Per andare oltre una cabina di regia irrealizzabile, dopo il Consiglio europeo del 10-11 dicembre, nei cinque mesi che si prevedono necessari per la ratifica dell’accordo, ci sono due strade. Ecco quali nell’analisi di Giuseppe Pennisi

Sembra una “commedia all’italiana” un po’ piccante quali quelle di Marco Ferrero che facevano impazzire l’Italia pudibonda degli anni Settanta del secolo scorso. In pochi giorni, è nata una vera e propria fila alla “cabina” (non quelle da spiaggia dove si cambiavano “le maggiorate” di una volta e si mettevamo in coda porcaccioni per scorgere qualcosa tra le lastre di legno delle pareti o dal buco della serratura) ma la “cabina” metaforica proposta dal presidente del Consiglio Giuseppe Conte per la gestione della Recovery and Resilience Facility del Next Generation Eu.

Ed è una fila di ben intenzionati alla ricerca di un posto di lavoro e di uno stipendio che stanno muovendo tutte le loro relazioni amicali per fare sì che la “cabina di regia” si realizzi. E sia accogliente. La loro “guida” è la bozza di decreto legge partorita alle due del mattino di una lunga notte la settimana scorsa, proprio prima che il leader di Italia Viva, Matteo Renzi, lanciasse un siluro contro “la cabina”, dicendo a voce alta ciò che numerosi capi e capetti del Partito democratico, e tutti quelli dell’opposizione, affermavano a voce più o meno bassa e che gli esperti in materia scrivevano sulle maggiori testate.

Secondo i giuristi, una “cabina” del genere richiederebbe profonde riforme alla Costituzione sia per trasformare il presidente del Consiglio in un Cancelliere sia per esentare “gli amici degli amici” dall’obbligo di una selezione concorsuale. La “cabina” quale prevista dalla bozza di decreto legge aprirebbe la porta ai più palesi conflitti di interesse se tra i “manager” o gli “esperti” vengono chiamati dirigenti e funzionari di aziende (anche a partecipazione pubblica), sedicenti cultori della materia provenienti da società di consulenza, esponenti di associazioni culturali con la missione implicita di lobbying. I chierici vanganti, le suffragette, gli autoproclamatisi professorini per avere tenuto un paio di corsi in filiali romane (oggi chiuse) di università americane si mettano l’animo in pace. La “cabina” resterà nel mondo dei sogni. Ed il loro corteggiamento a esponenti del “post ideologico” Movimento Cinque Stelle è tempo sprecato.

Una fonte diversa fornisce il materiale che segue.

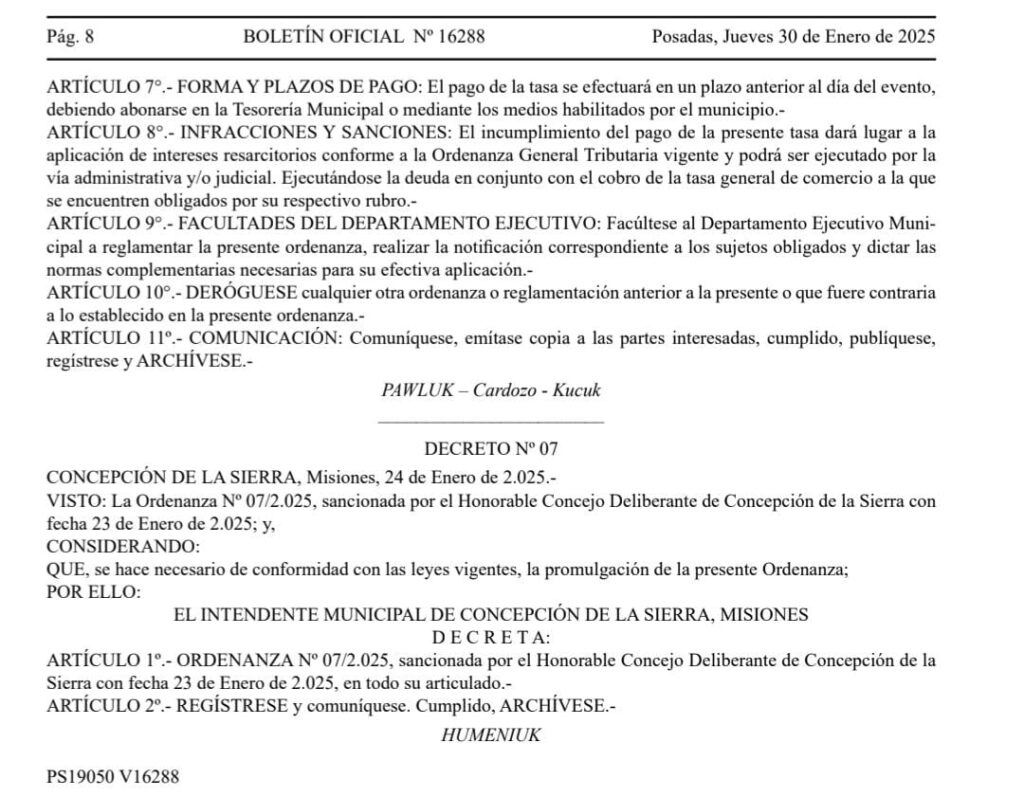 El 23 de enero de 2025, el Concejo Deliberante de Concepción de la Sierra, Misiones, sancionó la Ordenanza N° 07, creando una nueva “Tasa por Servicios Especiales de Carnaval” destinada a cubrir los gastos extraordinarios del municipio durante la realización del evento de Carnaval en la avenida Barrufaldi, entre las calles Andresito y Sáenz Peña.

Dopo il Consiglio Europeo del 10-11 dicembre, nei cinque mesi che si prevedono necessari per la ratifica dell’accordo, ci sono due strade:

a) L’istituzione di un ente ad hoc, al di fuori del perimetro della pubblica amministrazione, guidato da una personalità tecnica di rilievo internazionale, come delineato in un volume consegnato il 14 dicembre dal Prof Giorgio La Malfa al Capo dello Stato. Ed è il modello della Cassa del Mezzogiorno che pensata da Viktor Sullam e dal suo (allora) assistente Hollis Chenery (che diventò vicepresidente dalla Banca Mondiale) che ha funzionato bene sino alla metà degli anni Settanta del Novecento ed a cui la Banca Mondiale ha fatto quattro linee di credito di grande successo (ben descritte in un libro di Luigi Paganetto e Pasquale Lucio Scandizzo sul tema). L’ente sarebbe anche “il referente unico” richiesto dalla Commissione europea.

b) Utilizzare le strutture esistenti. Il Cipe o il Ciae per l’indirizzo ed il coordinamento generale e se si vuole l’interlocuzione con la Commissione europea (il gran parte degli altri Stati tale compito è svolto dal Ministero dell’Economia e delle Finanze. Mef), il Mef in quanto depositario della modellistica econometrica (lì sviluppata), dei metodi e delle tecniche di analisi costi benefici (anche nelle versioni più avanzate) e soprattutto del controllo finanziario (in quel corpo speciale che è la Ragioneria Generale dello Stato) opererebbe (come fa sempre) in collaborazione con gli enti di spesa, ministeri e Ragioni, titolari dei progetti.

Come hanno suggerito Fabrizio Barca e Mario Monti, se ci sono dirigenti non all’altezza, la normativa consente di sostituirli con altri che lo siano. Se ci sono vuoti da colmare, come ha suggerito Gustavo Piga, si possono fare contratti (con università meglio che con individui) o selezioni competitive per impieghi a termine con giovani.